Employee Ownership Trusts: How to navigate the HMRC tax clearance process

From a tax perspective, the EOT tax clearance process is very important but relatively straight forward once the structure and EOT objective is clear. In our experience, HMRC typically approves these in 3-4  weeks (although, it can be up to 6 weeks) with clearance subject to the conditions being met. 

The more complicated and lengthy process is the discussions with management and employees and the setup of an EOT structure, which needs to take place well in advance of HMRC clearance application. 

Key things to agree on before the tax clearance application: 

What is the commercial purpose of an EOT? 

  • What proportion of the company’s shares will the EOT acquire? 51%, 100% or somewhere between, if you’re seeking capital gains tax exemption for the sellers? 
  • Who will be managing the EOT as Trustees? 
  • What is the value of shares to be sold? 
  • What is the market value of the company? 
  • How will the share purchase be funded? 
  • How many years will it take to repay? 

When thinking about these questions, don’t forget: 

  • An independent valuation report will help to establish the market value and avoid any tax complications on the sale of the shares for the shareholder
  • A robust financial model provides comfort that the business will be able to finance the purchase obligations entered into by the EOT
  • The EOT structure is crucial to avoid any personal liabilities falling on the trustees of the EOT.

For a tax clearance, the most important question is what is the primary motivation for the EOT? This is something the owners of the company and the advisors need to be clear about.

The lawyers and the accountants will be on hand to help with an independent valuation of the company, financial models, legal documentation and other supporting documentation.
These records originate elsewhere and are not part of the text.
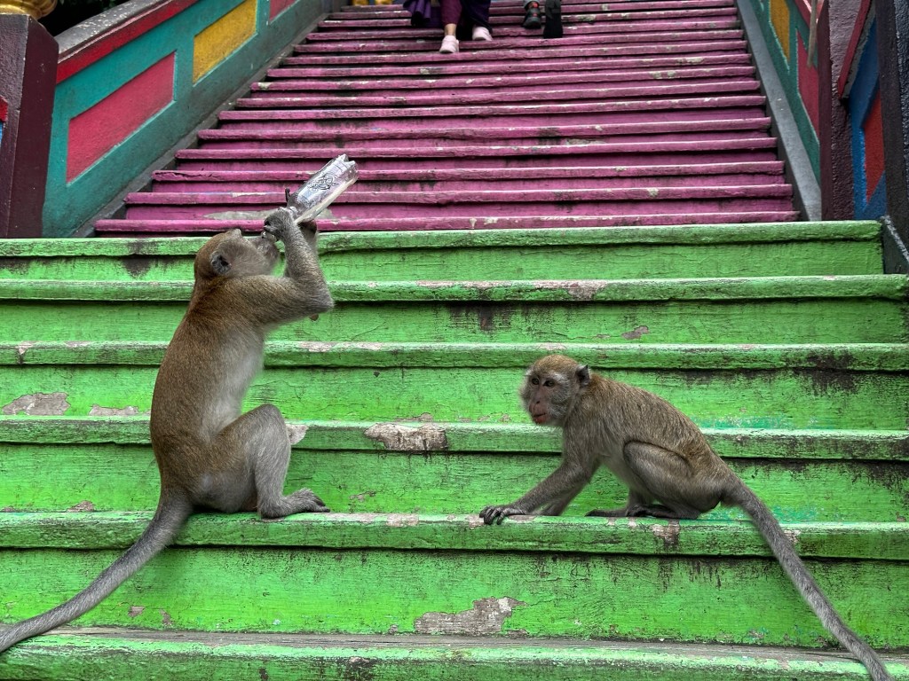 The main temple is in the cave at the top of the 272 rainbow-painted steps, where we encountered a troop of playful long-tailed macaques.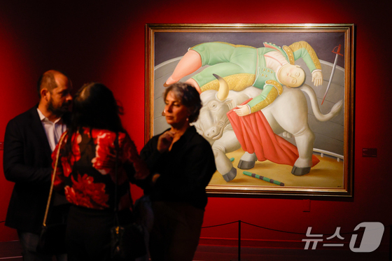 23일 서울 서초구 예술의전당에서 '페르난도 보테로: 형태의 미학' 전시 프레스투어를 찾은 참석자들이 '파블로 에스코바의 죽음'을 감상하고 있다. © 뉴스1 안은나 기자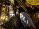 Peregrinos abrazando al Apóstol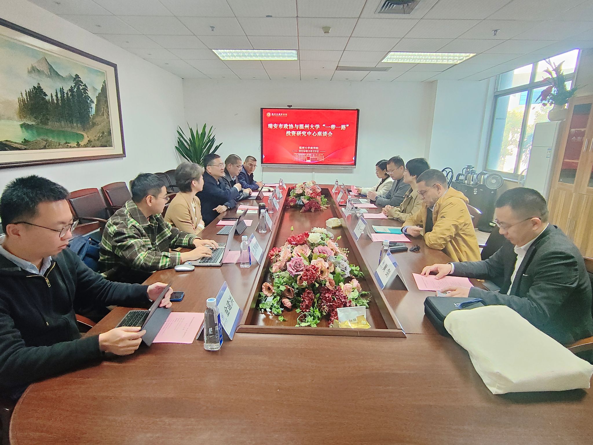 党委书记李密、副院长余向前、温州市世界温州人研究中心秘书长张一力、温州大学“一带一路”投资研究中心主任林俐、温州市数字贸易研究院执行院长黄剑等参加座谈会。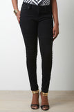 This edgy jeans feature a stretch denim fabrication, classic 5-pocket style, zipper fly and single button closure, patch knee detail with top stitching, skinny jean fit. Accessories sold separately. 52% Cotton, 21% Viscose, 25% Polyester, 2% Spandex.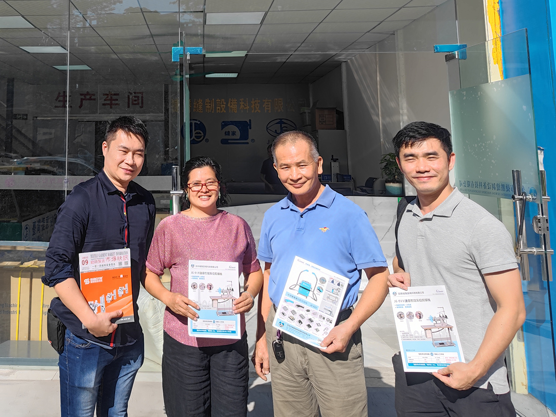 10月13日,商會會員部梁啟明主任、陳圳亮、《紡織制衣市場快訊》總監(jiān)湯挺生一同走訪了東莞捷勝公司、廣州金銳公司等企業(yè)。在與金銳公司的座談中,梁亞偉總經理介紹了金銳公司近年來針對疫情影響所做的業(yè)務調整。金銳公司原以剪線機為主營業(yè)務,現(xiàn)增加了釘扣機等其他產品并取得了不錯的營銷效果實現(xiàn)了逆市增長。梁總有信心地表示,金銳的產品有著自身的技術特點,相信在市場上有一定的優(yōu)勢。

Still, the business owner needs to decide why they are doing this and how involved they would like to be in the business once the controlling interest is sold to an EOT. The driving reason for the EOT establishment will make or break an HMRC tax clearance application. 

What is the anti-avoidance provision that clearance is sought for, and why is it so important for an EOT? 

The anti-avoidance provision that applies here is called ‘transaction in securities’, and it potentially applies as the share sale by the shareholder(s) can be seen as a “disguised distribution”. Thus, getting clearance for an EOT transaction is important to ensure the provision doesn’t apply. 

Why is it important? 

It is important as it avoids any potential argument over the profit and loss account reserves, which could otherwise have been paid as a dividend.

For example, if a company with small retail shops has recently sold 9 out of 10 shops, and with the one remaining trading shop applied for clearance to sell shares to an EOT, it would probably not get clearance because the profit made on the sale of the shops could have been distributed as dividends rather than to finance an EOT, with an objective to get 0% CGT. HMRC could see this as an example of tax avoidance that has no main benefit for the company or its employees. 

The government encourages companies and their shareholders to consider setting up an EOT through the application of significant tax benefits. Still, with the risk of future CGT increase in rates, this will certainly attract speculative applications. That is why an advance clearance is recommended before setting up an EOT to ensure the success of the scheme and benefits of the tax reliefs. 

We always recommend that you seek advice from a suitably qualified adviser before taking any action. The information in this article only serves as a guide and no responsibility for loss occasioned by any person acting or refraining from action as a result of this material can be accepted by the authors or the firm.